• [Exercise material]
----------
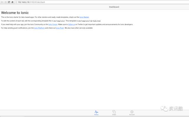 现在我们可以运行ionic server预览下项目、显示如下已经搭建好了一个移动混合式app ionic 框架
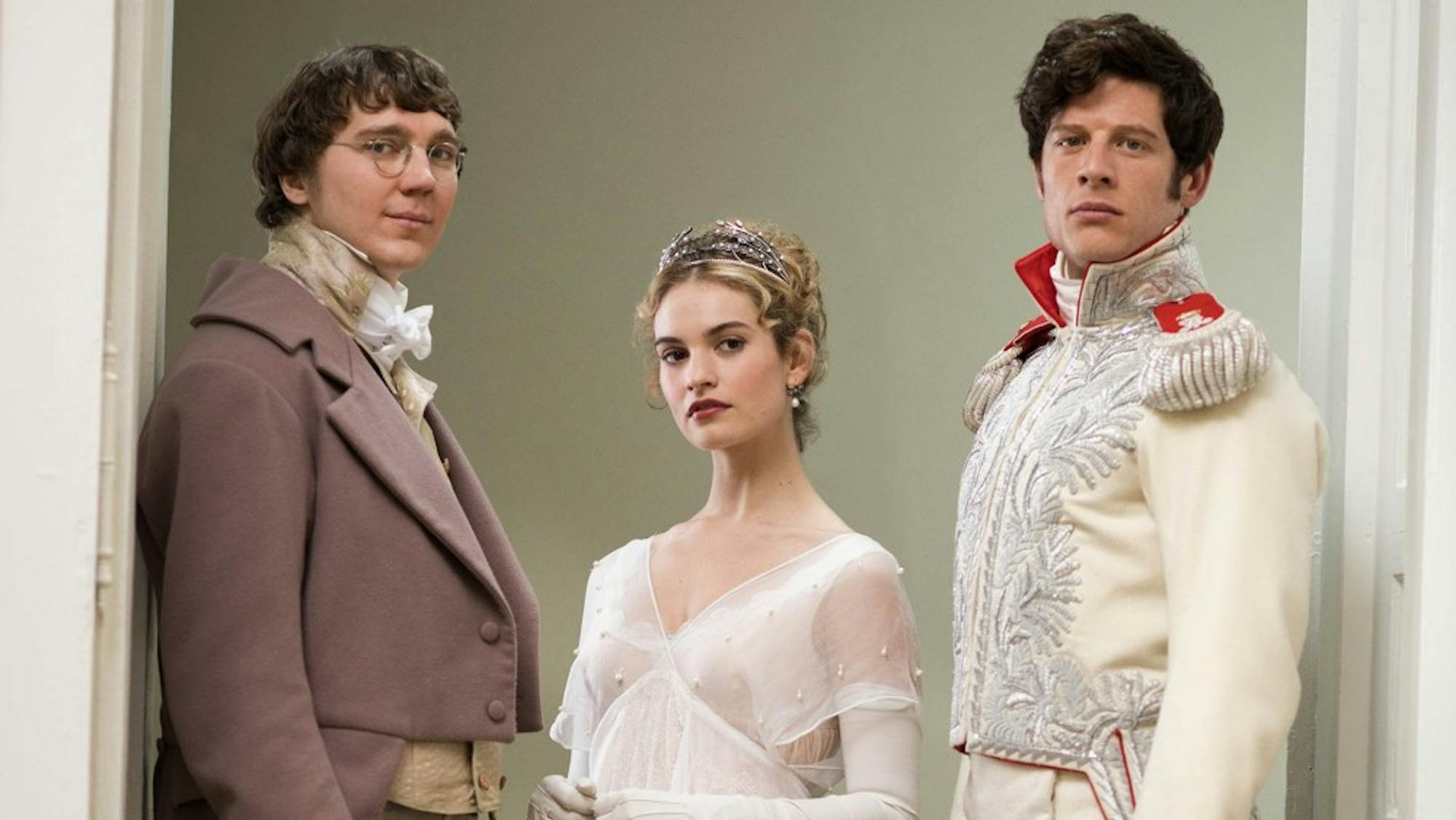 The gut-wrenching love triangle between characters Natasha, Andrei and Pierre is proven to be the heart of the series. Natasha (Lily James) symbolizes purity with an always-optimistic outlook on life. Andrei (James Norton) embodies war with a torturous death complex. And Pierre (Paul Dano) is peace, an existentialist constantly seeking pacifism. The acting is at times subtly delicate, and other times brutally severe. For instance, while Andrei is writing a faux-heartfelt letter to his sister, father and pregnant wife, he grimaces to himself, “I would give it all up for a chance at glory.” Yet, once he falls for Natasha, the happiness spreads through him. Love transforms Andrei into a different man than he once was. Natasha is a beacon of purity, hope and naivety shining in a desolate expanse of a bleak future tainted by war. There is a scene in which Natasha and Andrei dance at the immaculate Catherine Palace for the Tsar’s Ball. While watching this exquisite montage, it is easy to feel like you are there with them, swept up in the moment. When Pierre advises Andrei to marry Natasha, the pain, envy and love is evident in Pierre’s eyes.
----------
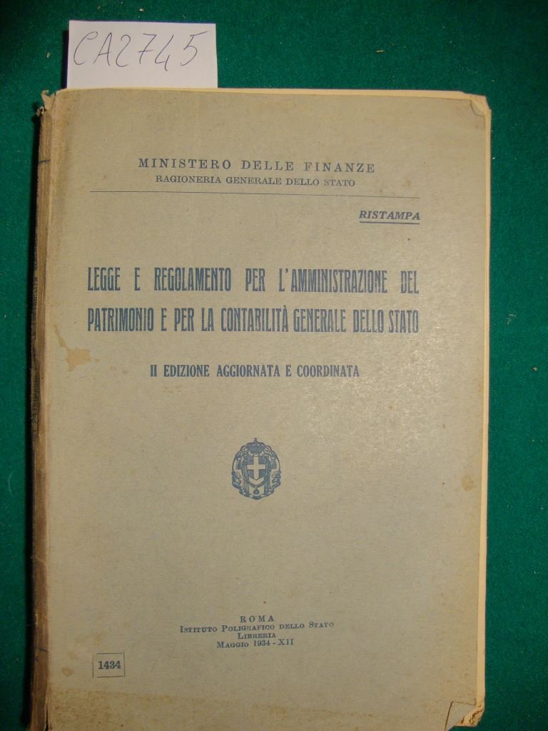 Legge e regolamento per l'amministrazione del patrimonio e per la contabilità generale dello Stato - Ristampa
----------
• [Task objective]
Return the material from the line containing "现在我们可以运行ionic server预览下项目、显示如下已经搭建好了一个移动混合式app ionic" through the line containing "The gut-wrenching love", exactly and in full, but without its pictures.

• [Expected answer]
 现在我们可以运行ionic server预览下项目、显示如下已经搭建好了一个移动混合式app ionic 框架
 The gut-wrenching love triangle between characters Natasha, Andrei and Pierre is proven to be the heart of the series. Natasha (Lily James) symbolizes purity with an always-optimistic outlook on life. Andrei (James Norton) embodies war with a torturous death complex. And Pierre (Paul Dano) is peace, an existentialist constantly seeking pacifism. The acting is at times subtly delicate, and other times brutally severe. For instance, while Andrei is writing a faux-heartfelt letter to his sister, father and pregnant wife, he grimaces to himself, “I would give it all up for a chance at glory.” Yet, once he falls for Natasha, the happiness spreads through him. Love transforms Andrei into a different man than he once was. Natasha is a beacon of purity, hope and naivety shining in a desolate expanse of a bleak future tainted by war. There is a scene in which Natasha and Andrei dance at the immaculate Catherine Palace for the Tsar’s Ball. While watching this exquisite montage, it is easy to feel like you are there with them, swept up in the moment. When Pierre advises Andrei to marry Natasha, the pain, envy and love is evident in Pierre’s eyes.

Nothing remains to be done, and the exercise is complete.